TASK STATEMENT =>
What is needed is a word-for-word copy of the lines below from the one with "Die für die" through the one with "日式和风可爱绣眼鸟茶具创意个性功夫茶壶茶杯套装粗陶釉下彩漫喵", both included, with every picture left out.

MATERIAL FOR THE TASK =>
|---|
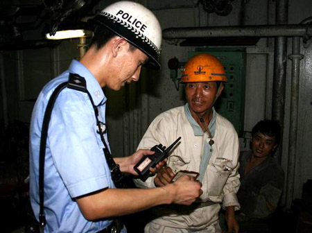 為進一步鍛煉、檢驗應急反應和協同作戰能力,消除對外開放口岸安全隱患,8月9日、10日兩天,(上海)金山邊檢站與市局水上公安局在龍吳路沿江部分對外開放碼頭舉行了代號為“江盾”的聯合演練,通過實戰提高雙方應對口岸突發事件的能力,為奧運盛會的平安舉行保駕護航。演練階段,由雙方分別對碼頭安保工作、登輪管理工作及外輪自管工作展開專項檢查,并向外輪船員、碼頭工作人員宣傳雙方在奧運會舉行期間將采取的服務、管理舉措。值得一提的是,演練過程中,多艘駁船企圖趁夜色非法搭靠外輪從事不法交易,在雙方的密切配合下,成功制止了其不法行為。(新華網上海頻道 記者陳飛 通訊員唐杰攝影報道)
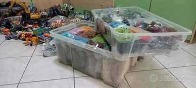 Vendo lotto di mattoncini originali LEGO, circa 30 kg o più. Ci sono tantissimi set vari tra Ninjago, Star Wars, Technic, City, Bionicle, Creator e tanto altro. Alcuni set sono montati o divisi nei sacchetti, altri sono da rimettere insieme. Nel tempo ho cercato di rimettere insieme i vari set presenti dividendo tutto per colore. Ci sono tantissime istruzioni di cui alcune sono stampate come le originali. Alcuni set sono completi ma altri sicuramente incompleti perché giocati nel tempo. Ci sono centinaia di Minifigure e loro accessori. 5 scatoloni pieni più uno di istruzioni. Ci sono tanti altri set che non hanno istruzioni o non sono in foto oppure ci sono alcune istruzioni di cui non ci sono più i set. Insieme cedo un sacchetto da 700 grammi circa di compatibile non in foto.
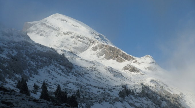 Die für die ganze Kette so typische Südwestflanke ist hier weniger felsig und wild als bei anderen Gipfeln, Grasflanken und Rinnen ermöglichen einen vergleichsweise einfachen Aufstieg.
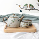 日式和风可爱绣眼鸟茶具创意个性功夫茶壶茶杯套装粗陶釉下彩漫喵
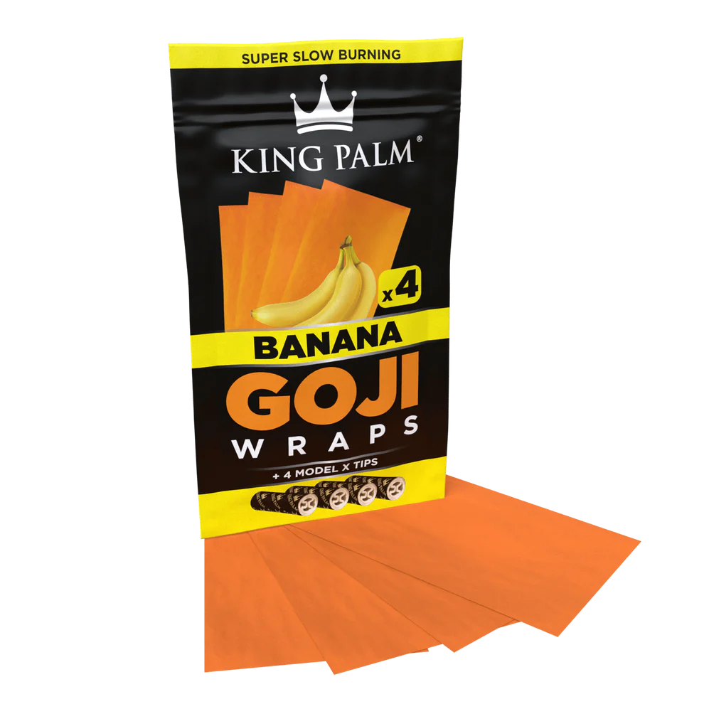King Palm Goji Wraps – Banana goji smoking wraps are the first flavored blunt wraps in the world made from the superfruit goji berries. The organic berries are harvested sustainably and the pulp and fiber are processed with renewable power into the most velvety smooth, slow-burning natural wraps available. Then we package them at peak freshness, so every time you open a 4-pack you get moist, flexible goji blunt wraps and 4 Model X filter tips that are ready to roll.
|---|
RESULT =>
 Die für die ganze Kette so typische Südwestflanke ist hier weniger felsig und wild als bei anderen Gipfeln, Grasflanken und Rinnen ermöglichen einen vergleichsweise einfachen Aufstieg.
 日式和风可爱绣眼鸟茶具创意个性功夫茶壶茶杯套装粗陶釉下彩漫喵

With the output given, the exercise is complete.